I find discussions about “safety case vs prescriptive approaches” very
interesting but I think that these can only be constructive if the term
“safety case” is given substance. I find the usual definitions far
too coarse and, as such, the resulting arguments in favor of the safety case
regime misleadingly convincing.
Cheers,
Rene
From: systemsafety-bounces at lists.techfak.uni-bielefeld.de
[mailto:systemsafety-bounces at lists.techfak.uni-bielefeld.de] On Behalf Of
Les Chambers
Sent: woensdag 5 februari 2014 1:32
To: 'Peter Bernard Ladkin'; systemsafety at lists.techfak.uni-bielefeld.de
Subject: [SystemSafety] Safety Case Standards and Experience
Peter
Many thanks for this list. What a stout fellow you are. It's a great
reference or for anyone attempting to identify the current
"state-of-the-art" in safety cases.
I encourage anyone on the list who is aware of a safety case deliverable or
process standard, not identified here, to add to this thread.
Further, I encourage anyone with experience of preparing a safety case to
give us their thoughts.
Also, is anyone aware of system level product standards that may exist in
any application domain. Standards that mandate various high-level design
approaches as mentioned in Nancy's article ["Product: Specific design
features are required, which may be (a) specific designs or (b) more general
features such as fail-safe design or the use of protection systems."]. By
"system level" I mean pertaining to the overall design of the system, not a
component thereof. I would call an electrical installation a component.

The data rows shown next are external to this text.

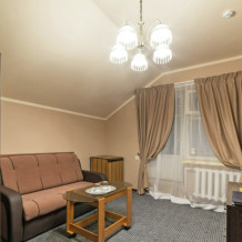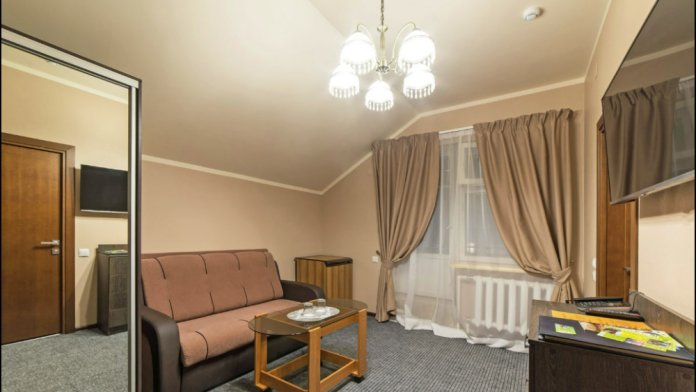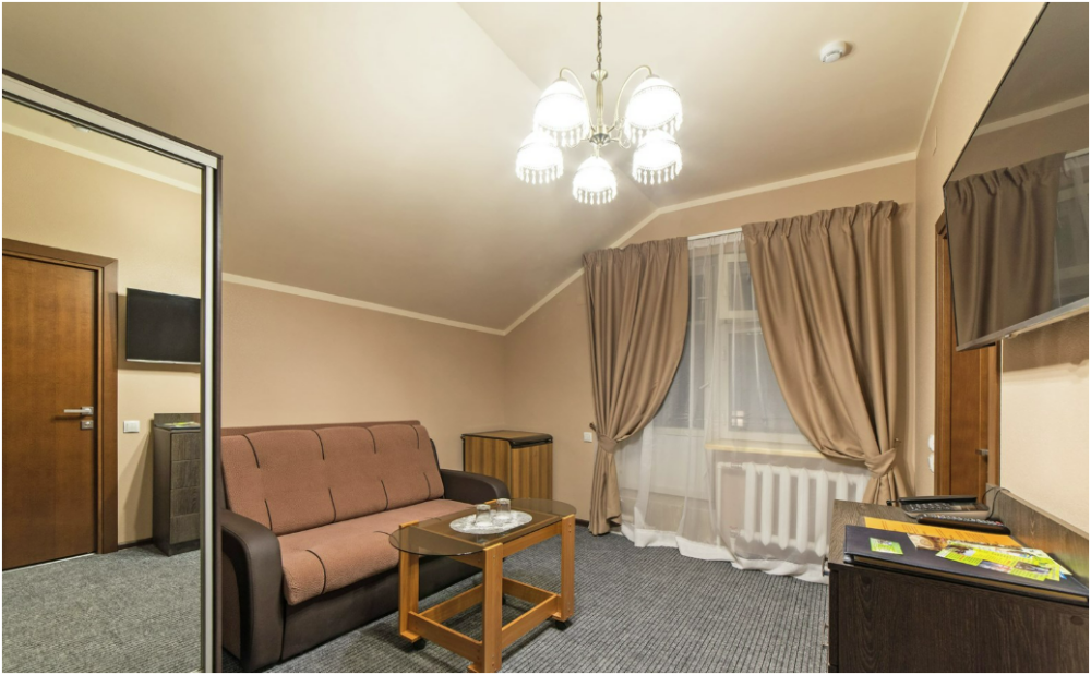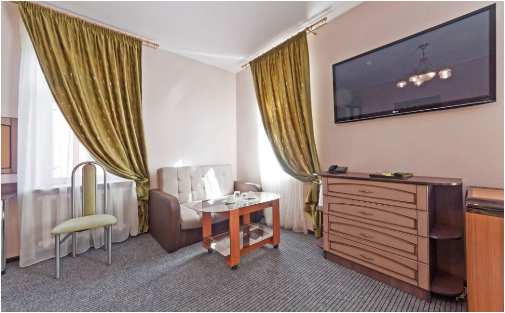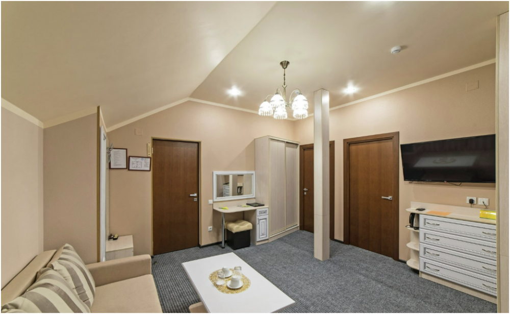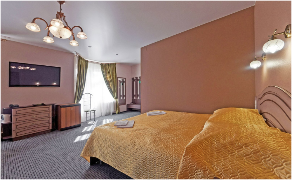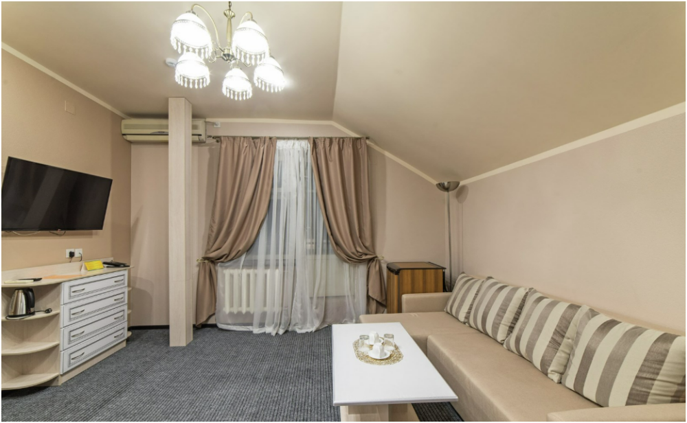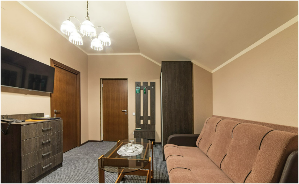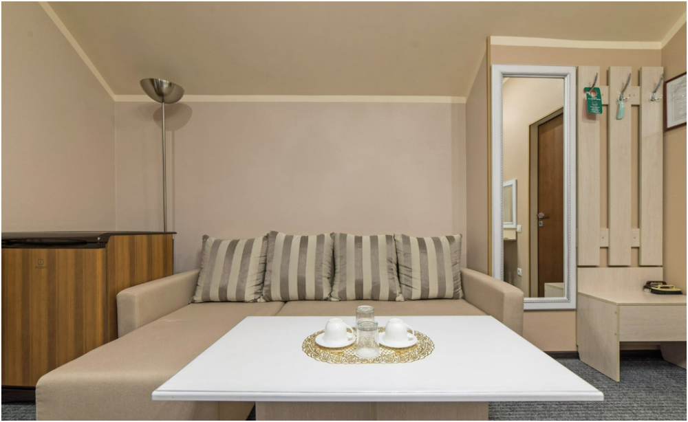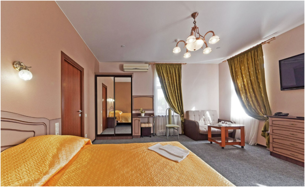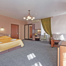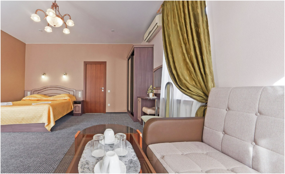 Уютный двухкомнатный номер выполнен в теплых тонах. Номер состоит из гостиной, спальной комнаты и совмещенного санузла.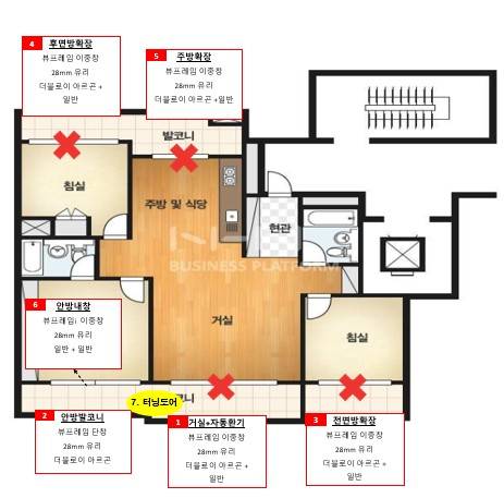 거실과 동일하게 뷰프레임 250 이중창으로 시공했습니다.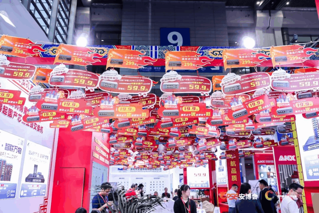 本屆CPSE安博會,宇航展臺憑借獨具特色的“中國紅”主題設計,結合全國產工業交換機爆款特賣,迅速成為全場焦點,人氣與話題度持續攀升。展會期間,宇航重磅發布了全國首臺二層三層全國產核心工業交換機,并同步推出多款創下“歷史低價”的全國產系列產品,一舉引爆現場熱度。現場直接開啟的特價售賣環節,更吸引大量專業觀眾前來咨詢、體驗與采購,展臺一度人流如織,氣氛熱烈。

I am aware of texts such as "P. Clements et al., Documenting Software
Architectures: Views and Beyond, 2nd ed., Pearson Education, 2010" but have
not seen any ISO/IEC/CENELEC/DoD or other standards, in the public domain,
that could be called out in a development contract or used to certify
generic classes of systems. For these to be useful they need to be specific
enough to support a comply/not comply judgement. Because design approaches
are often tied to company intellectual property you don't often see this
stuff in the public domain. For example, in my chemical processing days, the
design of a latex reactor control system, at least at the strategic level,
was a copy and paste exercise. I could tell you about it but then I'd have
to kill you.
In another life I spent a year leafing through the American Nuclear
Regulatory Commission standards with the objective of developing a NUREG
compliant system development methodology for a control system that would
perform emergency reactor shutdown. I did not encounter any constraints or
guidelines on the design approach. But that was some time ago.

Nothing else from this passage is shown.